As with most technological advances today, the future of robotics will be a blend of commercial and military requirements and developments, with each providing some of the impetus and evolution.
“The military probably has a more urgent need for unmanned helicopters [than commercial users] and so will drive that,” Reynolds said. “But Oshkosh has been running unmanned [ground] vehicles at strip mines for years and we are modifying that technology for use in military applications. So we will drive some of the technology evolution, industry will drive others.”
And while DARPA will continue to pursue the “far side” of the evolution – or, in their case, often revolution – in robotics technology, MCWL’s primary focus will remain with how existing technologies can best be adapted, quickly and effectively, to meet immediate warfighter needs in the current fight.
“Yesterday, I spent most of the morning planning an experiment for next year in which we will use autonomous and/or remote-controlled vehicles for route reconnaissance and clearance,” Reynolds continued. “We spent three hours with a lot of very smart people who have a dog in the fight, trying to determine what unit will own that gear, who will be responsible for programming it.
“All those are part of the concept of deployment before we put anything on the ground for an experiment.

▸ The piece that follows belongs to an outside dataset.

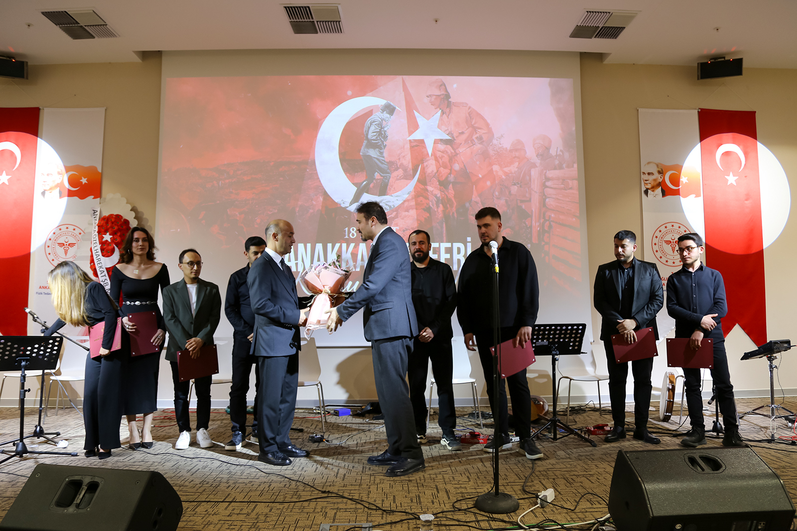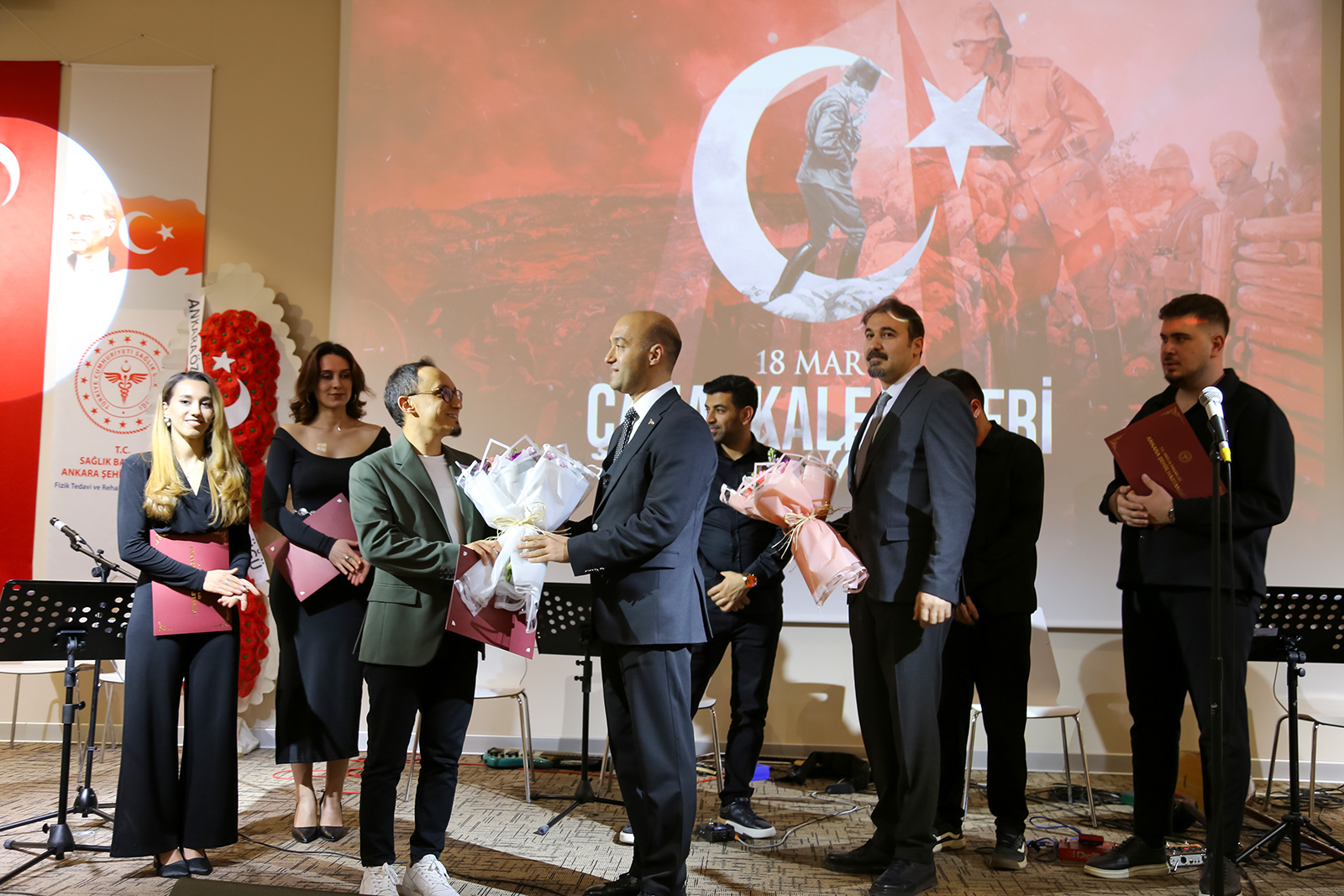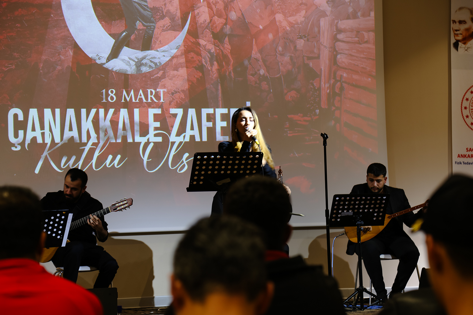 16 Mart 2026 Pazartesi günü Ankara Bilkent Şehir Hastanesi Fizik Tedavi ve Rehabilitasyon Hastanesi Konferans Salonu’nda gerçekleştirilen programda gaziler, şehit yakınları ve sağlık çalışanları aynı duygu etrafında bir araya geldi. Çanakkale ruhunun türkülerle yaşatıldığı etkinlikte katılımcılar duygusal anlar yaşadı. Program kapsamında, Ankara Müzik ve Güzel Sanatlar Üniversitesi Türk Halk Müziği Topluluğu tarafından konser verildi. Konserde solist olarak Emin Karadayı, Fatma Zehra Özaydın ve Canan Işık sahne alırken; bağlamada İsmail Hakkı Parmaksız, kemençede Berkin Gürler, perküsyonda İbrahim Efe Turcan, klasik gitarda Ali Fırat Ağdiken ve bas gitarda Yunus Emre yer aldı. Seslendirilen eserler, katılımcılara hem hüzün hem de gurur dolu anlar yaşattı.

That’s the kind of thought process the lab does – it’s not just toys for boys, but how does a piece of gear meet the need we have going forward; in this case, replacing a human being driving down the road in a convoy.”
At the same time, MCWL, working with other service labs, academia, and industry, also will continue looking at what is happening in the gap between “now and DARPA,” such as NASA’s humanoid robot, for possible Marine Corps use five, 10, or 15 years from now.

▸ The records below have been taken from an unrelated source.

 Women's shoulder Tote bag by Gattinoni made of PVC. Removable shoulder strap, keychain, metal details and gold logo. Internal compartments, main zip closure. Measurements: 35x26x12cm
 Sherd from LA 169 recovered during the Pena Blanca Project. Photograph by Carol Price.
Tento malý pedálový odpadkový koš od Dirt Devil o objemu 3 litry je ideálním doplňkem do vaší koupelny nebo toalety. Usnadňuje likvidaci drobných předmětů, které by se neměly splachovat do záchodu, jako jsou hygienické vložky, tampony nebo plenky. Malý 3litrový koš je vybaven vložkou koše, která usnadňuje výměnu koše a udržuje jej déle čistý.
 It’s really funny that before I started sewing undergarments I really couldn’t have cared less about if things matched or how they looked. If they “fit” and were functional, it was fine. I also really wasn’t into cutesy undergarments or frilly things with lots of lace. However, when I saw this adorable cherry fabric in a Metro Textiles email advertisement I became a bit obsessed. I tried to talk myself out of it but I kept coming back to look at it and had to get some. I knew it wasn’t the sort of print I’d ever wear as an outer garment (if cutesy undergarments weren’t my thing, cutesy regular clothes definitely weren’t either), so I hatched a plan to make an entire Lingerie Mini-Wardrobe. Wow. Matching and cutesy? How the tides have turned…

“With so many potential applications for unmanned systems across the spectrum, where the technology division is trying to support concepts today and in the near future, our science and technology unit is looking further down the road,” Reynolds concluded, adding the least concern is how Marines in the field will react to an increasing robotic presence.
“In LOE-4, GUSS was accepted by the squad and treated like a fourteenth member. Once Marines are trained on these and understand the capabilities they can bring to them as a maneuver element, they are very acceptive. The smaller robots already have saved countless lives, especial EOD Marines. With the war in Afghanistan and Iraq, I think robots have earned a place in DoD, because the capabilities of these systems continue to grow and expand.”